Estos posicionamientos se visibilizan a partir de imágenes con una dosis de humor que marca un contraste con la crudeza de ciertas situaciones sociopolíticas: encontramos fotografías religiosas cuya asociación con los textos raya en la ironía; intervenciones directas en la publicación con grafismos que tienen como propósito cuestionar al encabezado mismo; consignas de protesta trabajadas con señales; screenshots, memes  y un sinnúmero de recursos visuales que, lejos de resultar una distracción, funcionan en razón del formato editorial desde el que se opera. Las imágenes, en tanto representaciones, se vuelven un relato per se, que dentro de su enfoque irónico adquieren una autonomía en la publicación: no son solo ilustraciones o accesorios para los relatos ficticios, son narrativas que circulan a otros niveles cognitivos y semánticos, volviéndose una interpretación del suceso paralela al texto.

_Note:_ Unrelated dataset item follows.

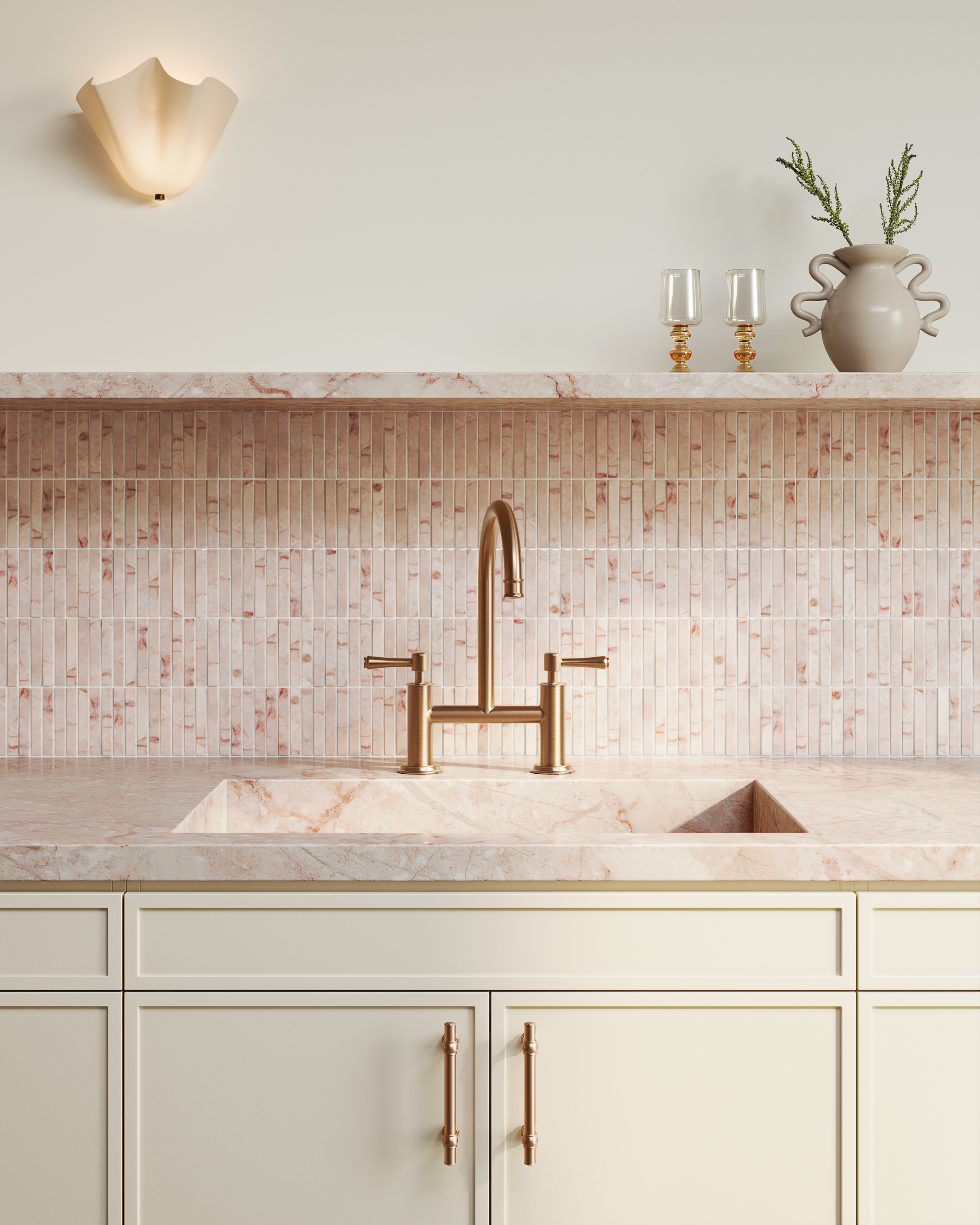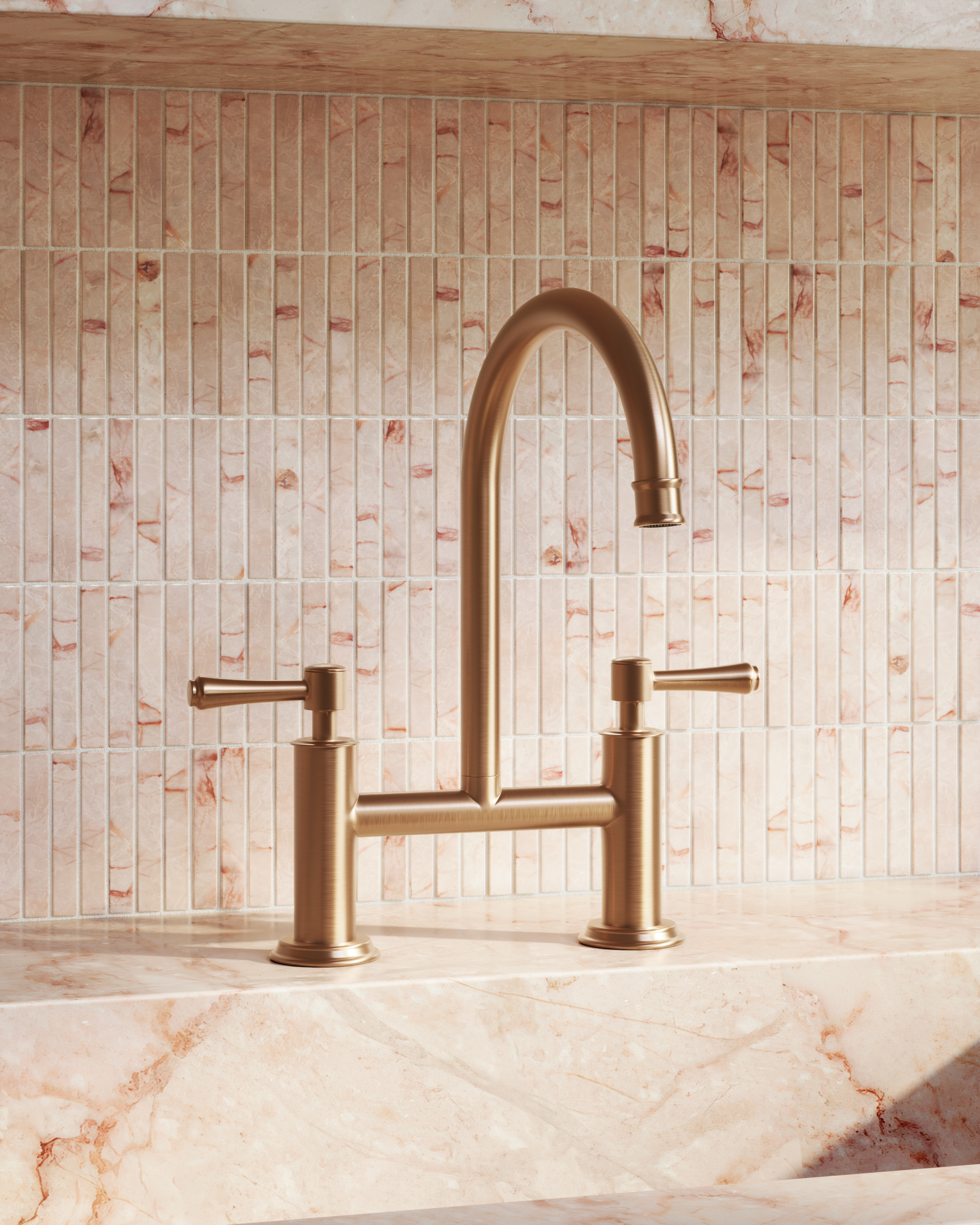 The Kingsley Kitchen Bridge Mixer Tap instantly elevates any kitchen with its sleek gooseneck spout and elegant details. Made from solid brass, it promises lasting durability and has an easy-to-use swivel function. Its assembly-handled controls and above-bench coloured breech add a refined touch.

Otro factor a tomar en cuenta es su calidad de ficción. ¿Cómo opera aquí la idea de un escrito de ficción y hasta qué punto se puede mantener como tal? Como hemos mencionado anteriormente, una verdad enunciada por determinado órgano de poder busca a toda costa sofocar otras interpretaciones, valorándolas como ‘locuras’ o ‘datos falsos’. Por ende, sólo podría existir una ficción – en tanto un suceso fingido o inventado, producto de la imaginación– siempre y cuando se reconozca una ‘verdad’. ¿Son las noticias que leemos en el periódico que se desprende del proyecto “Fictitious news” verdaderas ficciones?  La participación colectiva de habitantes de la ciudad, dentro de su condición de sujetos ¿no ‘destapan’ pistas sobre una estructura social que no corresponde con el gran relato de Monterrey? ¿No son, acaso, falsas ficciones, pues llegan a ser más fidedignas, dentro de su condición imaginaria, que lo que presentan los discursos oficiales, matizados por un ideal de progreso imparable y estabilidad absoluta?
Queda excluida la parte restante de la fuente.